Twenty-four files on coding agents, prompting, and the HTML-as-output thesis, read end to end, then squeezed for the learnings that survive the squeeze. The cross-cutting ten first; then by cluster; then a per-file ledger so nothing on the shelf is dropped; then the blind spots the shelf shares.
Read across the shelf and the four piles dissolve. The HTML-thesis essays, the CLAUDE.md essays, the autonomous-loop essays, and the case studies keep arriving at the same small set of ideas under different names, and the load-bearing one is this: the durable, visible artifact the agent leaves behind is the unit of leverage. Format, contract, ledger, and public channel are all the same move; the work compounds only when the thing that records it survives the session.
Every working agent system separates Instruction · Work · Ledger · Substrate, advances by a greedy ratchet on one honest metric, and is engineered so failures are visible rather than silent.
HTML wins the output channel humans read and mark up. Markdown keeps the memory/agent channel, CLAUDE.md, AGENTS.md, SKILL.md, because it greps, diffs, and edits. The carve-out is the thesis, not a hedge.
Capability is jagged: models peak where verification is cheap. So specify the verifier, not the steps; keep the taste and the understanding the model can't hold; and let skill compound where the work is visible.
Each of these shows up in three or more files under different vocabularies.

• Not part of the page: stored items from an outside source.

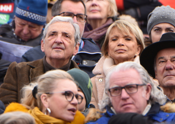 25.01.2020 Kitzbühel 80. Hahnenkamm Rennen 2020 - Ski Alpin Abfahrt Herren Streif auf der Tribüne Schauspielerin Uschi Glas mit Ehemann Dieter Hermann : *** Foto Peter Hartenfelser ********* Foto: Peter Hartenfelser
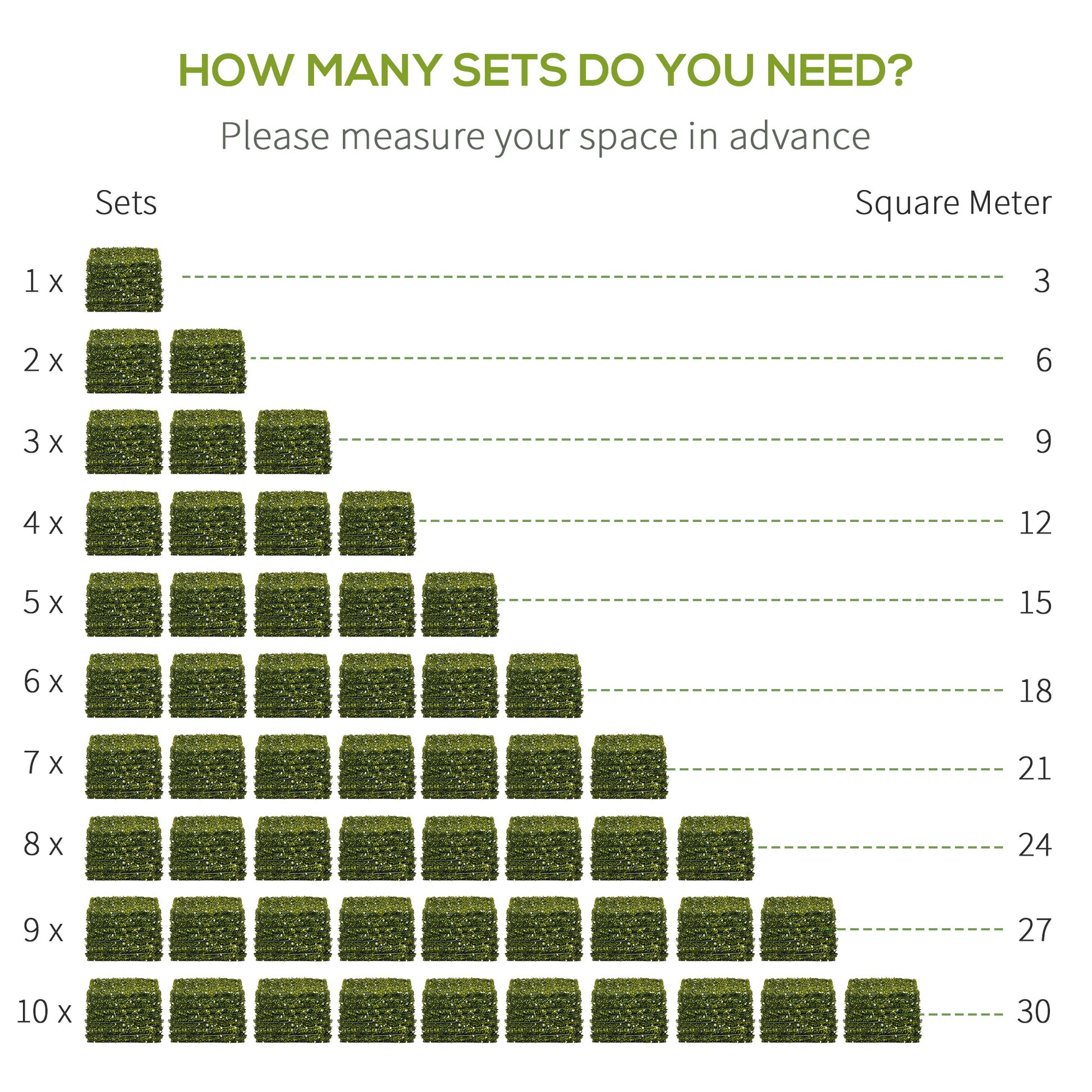 Outsunny 12PCS Artificial Boxwood Wall Panels 50cm x 50cm Grass Privacy Fence Screen Faux Hedge Greenery Backdrop Encrypted Milan Grass with White Flowers for Home Garden Backyard Balcony
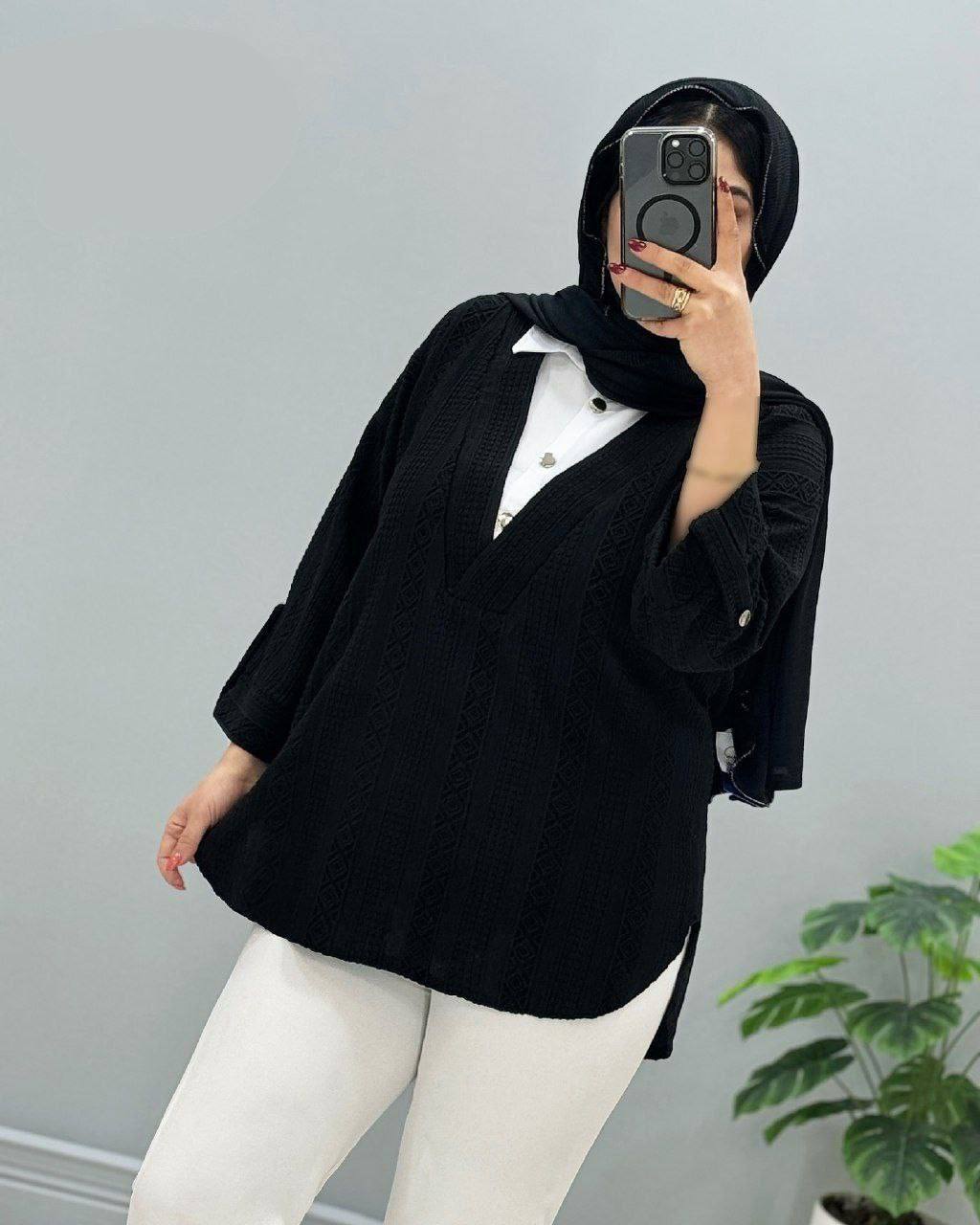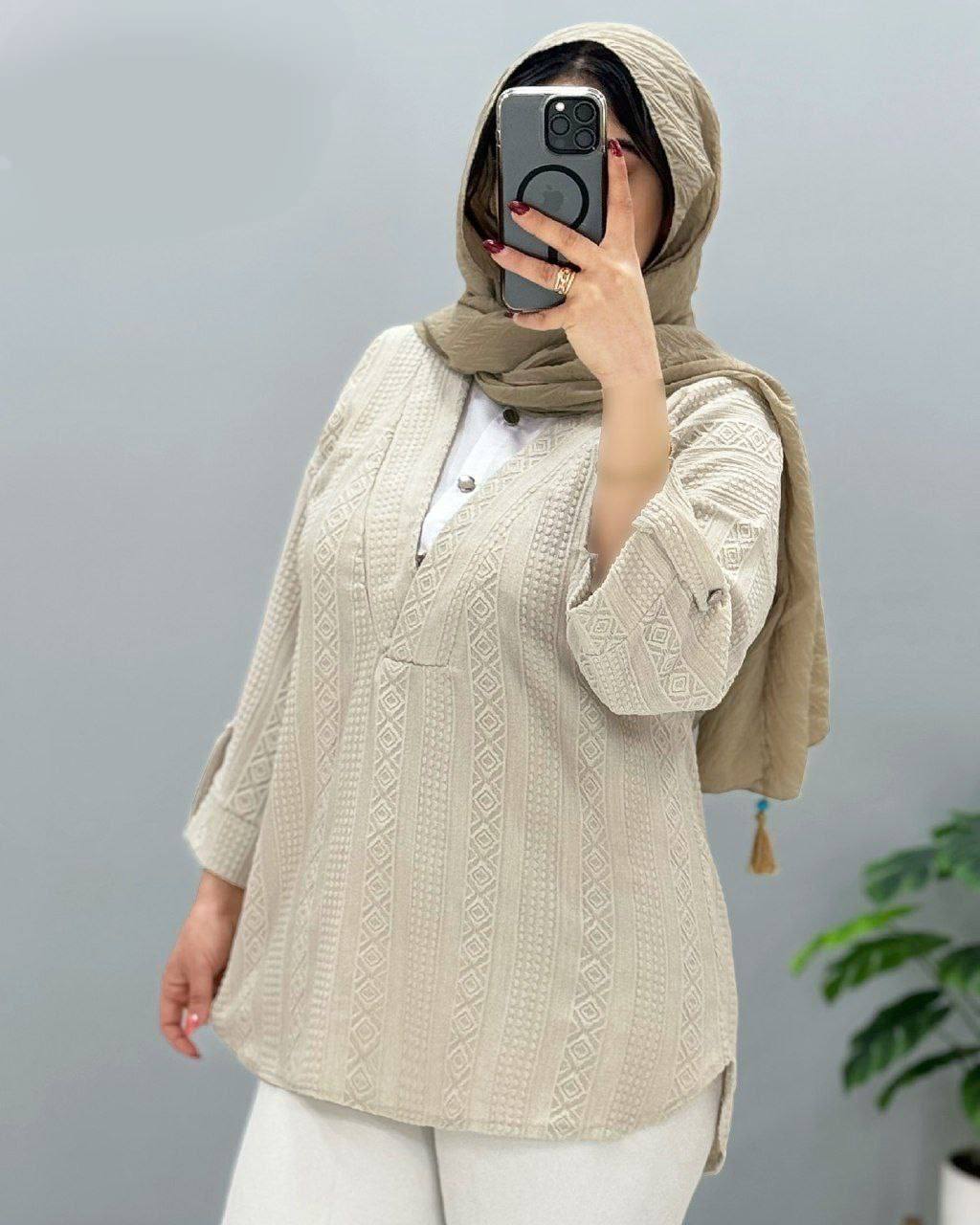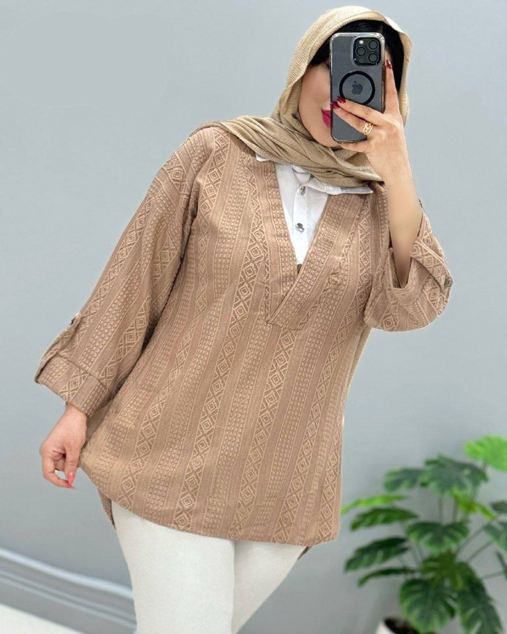 تونیک مانتویی ترکیبی یقه دار (پک 5 عددی)
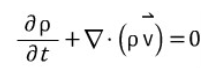 - 4. 위 연속 방정식 전개를 위한 검사체적은 실제로 3차원 공간이므로, x, y 방향의 속도성분 u, v에 z 방향의 속도성분 w를 더해주면 아래와 같이 최종 벡터형식의 방정식이 성립되고, 여기서, ∇(델)은 3차원 모든 방향에 대해 속도성분을 미분하여 전개함을 의미합니다. 또한, 만일 검사체적을 지나는 유체가 비압축성 유체인 액체의 경우 밀도의 변화가 거의 없음으로 밀도 항을 무시할 수 있습니다.
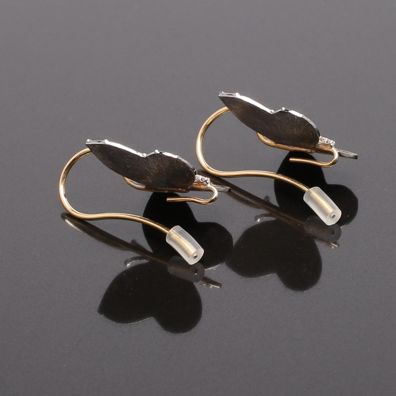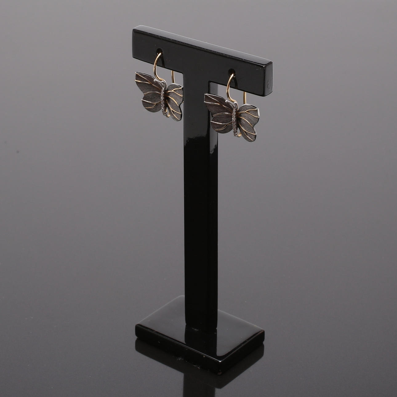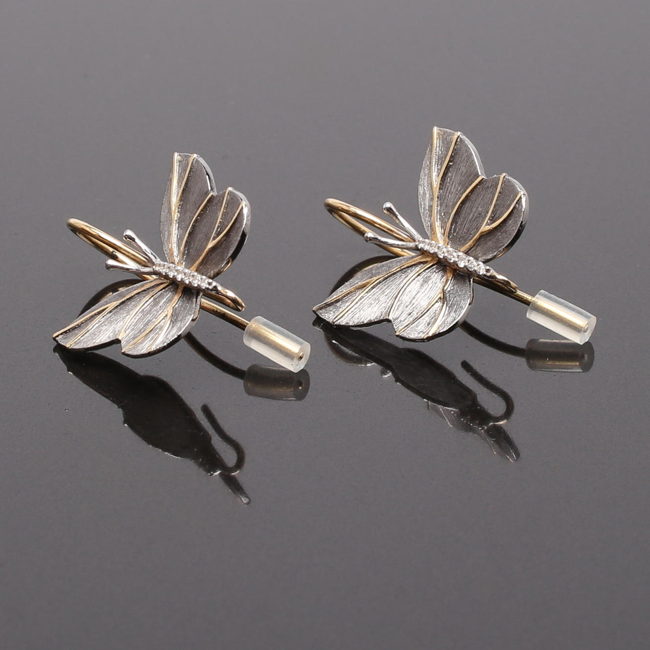 Dekoration af sommerfugle, gult guld, hvidguld og oxideret guld. Kroge.

Two essays already did part of this work, seven-crossings (a synthesis across sixteen) and four-surfaces (an audit of its central claim against eight models). Where they named a pattern, this builds on it and turns it into something actionable.
Thariq's argument is that as agents get more capable, markdown is the bottleneck: HTML carries tables, SVG, layout, color, and interaction, and: the real claim: the chance someone actually reads a plan, review, or report is far higher when it's a page, not a wall of text. The dissent (Kurtis Redux) lands three points the thesis doesn't: source readability, the security cost of running AI-generated JS, and "if it can't be reviewed, it's a toy." The reconciliation, which the dissent slate credits to Marcus Schuler, is a clean split · HTML for the agent-to-human output channel, markdown for the agent-to-agent memory/state channel that has to grep and diff.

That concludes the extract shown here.